Jonathan Mee
I can tokenize by writing my own function:
std::vector<std::string> Foo(const std::string& input) {
auto start = std::find(std::cbegin(input), std::cend(input), ' ');
std::vector<std::string> output { std::string(std::cbegin(input), start) };
while (start != std::cend(input)) {
const auto finish = std::find(++start, std::cend(input), ' ');
output.push_back(std::string(start, finish));
start = finish;
}
return output;
}
This has several issues, most importantly, doesn't C++ provide me something to do this? But also:
1. `Foo` includes spaces in the tokens
1. `Foo` makes a token for each space, even repeated spaces
1. `Foo` only delimits based on spaces, not other white space
Is there something better available to me?
Top Answer
Jonathan Mee
There are 4 solutions which C++ provides, listed from least to most expensive at run time:
1. [`std::strtok`](https://en.cppreference.com/w/cpp/string/byte/strtok)
1. [`std::split_view`](http://www.open-std.org/jtc1/sc22/wg21/docs/papers/2017/p0789r1.pdf)
1. [`std::istream_iterator`](https://en.cppreference.com/w/cpp/iterator/istream_iterator)
1. [`std::regex_token_iterator`](https://en.cppreference.com/w/cpp/regex/regex_token_iterator)
They are discussed in detail below:
# `std::strtok`
`std::strtok` is a destructive tokenizer meaning:
1. `std::strtok` will modify the string to be tokenized, so it cannot operate on `const std::string`s or `const char*`s, if the string to be tokenized needs to be preserved a copy must be made to use `std::strtok` upon
1. Because `std::strtok` depends upon modifications to the string to be tokenized the tokenization of multiple strings cannot be interlaced, though some implementations do support this, such as: [`strtok_s`](https://msdn.microsoft.com/en-us/library/ftsafwz3.aspx/)
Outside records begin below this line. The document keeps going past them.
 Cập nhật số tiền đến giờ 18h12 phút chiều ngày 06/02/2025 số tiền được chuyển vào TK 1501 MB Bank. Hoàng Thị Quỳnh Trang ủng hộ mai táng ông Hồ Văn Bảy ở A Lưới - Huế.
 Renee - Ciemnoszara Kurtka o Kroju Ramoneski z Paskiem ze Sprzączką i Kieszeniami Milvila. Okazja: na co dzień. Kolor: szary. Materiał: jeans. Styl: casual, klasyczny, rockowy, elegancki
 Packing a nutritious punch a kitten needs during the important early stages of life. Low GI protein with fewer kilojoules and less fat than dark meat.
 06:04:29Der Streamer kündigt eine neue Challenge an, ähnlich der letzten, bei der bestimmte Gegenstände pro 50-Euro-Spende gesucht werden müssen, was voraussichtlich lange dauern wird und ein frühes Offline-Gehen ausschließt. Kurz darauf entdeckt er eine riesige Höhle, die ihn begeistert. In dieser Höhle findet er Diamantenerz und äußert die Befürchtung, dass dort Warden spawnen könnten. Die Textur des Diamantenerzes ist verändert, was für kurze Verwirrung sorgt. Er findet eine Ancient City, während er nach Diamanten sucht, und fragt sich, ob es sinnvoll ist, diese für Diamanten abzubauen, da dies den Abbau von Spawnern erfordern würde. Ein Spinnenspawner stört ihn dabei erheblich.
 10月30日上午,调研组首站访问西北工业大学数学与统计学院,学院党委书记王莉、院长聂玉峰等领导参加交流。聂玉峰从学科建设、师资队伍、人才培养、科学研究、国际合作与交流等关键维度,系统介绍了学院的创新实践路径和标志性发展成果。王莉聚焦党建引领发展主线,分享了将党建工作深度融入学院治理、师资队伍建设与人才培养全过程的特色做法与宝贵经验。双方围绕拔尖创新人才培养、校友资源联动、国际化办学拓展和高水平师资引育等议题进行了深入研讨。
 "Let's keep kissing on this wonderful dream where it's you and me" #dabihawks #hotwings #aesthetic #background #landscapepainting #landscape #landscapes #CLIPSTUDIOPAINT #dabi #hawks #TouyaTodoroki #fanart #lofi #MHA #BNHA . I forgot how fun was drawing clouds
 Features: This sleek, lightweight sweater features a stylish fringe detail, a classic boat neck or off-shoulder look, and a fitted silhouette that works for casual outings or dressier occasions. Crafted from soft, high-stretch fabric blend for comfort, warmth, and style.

1. Additionally the standard does not place any requirements upon `std::strtok` to be thread safe, though some implementations are thread safe: https://msdn.microsoft.com/en-us/library/ftsafwz3.aspx/
You could rewrite `Foo` with `std::strtok` as follows:
std::vector<std::string> Foo(std::string input) {
std::vector<std::string> output;
for (auto i = strtok(std::data(input), " "); i != nullptr; i = strtok(nullptr, " ")) {
output.push_back(i);
}
return outupt;
}
This suffers from issues **1**, **2**, and **3** as listed in your question, and really only adds the use of a C++ function for doing the tokenizing.
# `std::split_view`
In C++20 has given us `std::split_view`, the exact implementation is not yet official, but examples that we've been given describe that `Foo` should be written like:
std::vector<std::string> Foo(const std::string& input) {
std::vector<std::string> output;
for(const auto& i : input | std::ranges::views::split(' ')) {
output.emplace_back(std::cbegin(i), std::cend(i));
}
return output;
}
This suffers from issues **1**, **2**, and **3** as listed in your question, but improves over `std::strtok` by tokenizing without destroying `input`. It should be noted that the C++20 standard hasn't been finalized I've used [this resource](https://ezoeryou.github.io/blog/article/2019-01-10-range-view.html) in prototyping `std::split_view` code.
# `std::istream_iterator`
`std::istream_iterator` requires a `std::istringstream` to be created, but makes `Foo` very easy to write:
std::vector<std::string> Foo(const std::string& input) {
std::istringstream output(input);
return { std::istream_iterator<std::string>(output), std::istream_iterator<std::string>() };
}
This solves all issues listed in your question, but adds the cost of constructing a `std::istringstream`.
# `std::regex_token_iterator`
`std::regex_token_iterator` requires a regex which captures tokens. This provides greater flexability because the delimiters need not be whitespace, but requires a regex to be run on the string to be tokenized. If `Foo` were to be rewritten with a `std::regex_token_iterator` it would look something like:
std::vector<std::string> Foo(std::string input) {
std::regex output((?:^|\s*)(\S+))
return { std::sregex_token_iterator(std::cbegin(input), std::cend(input), output, 1), std::sregex_token_iterator() };
}
This solves all the issues listed in your question, but adds the cost of running a regex on the string to be tokenized.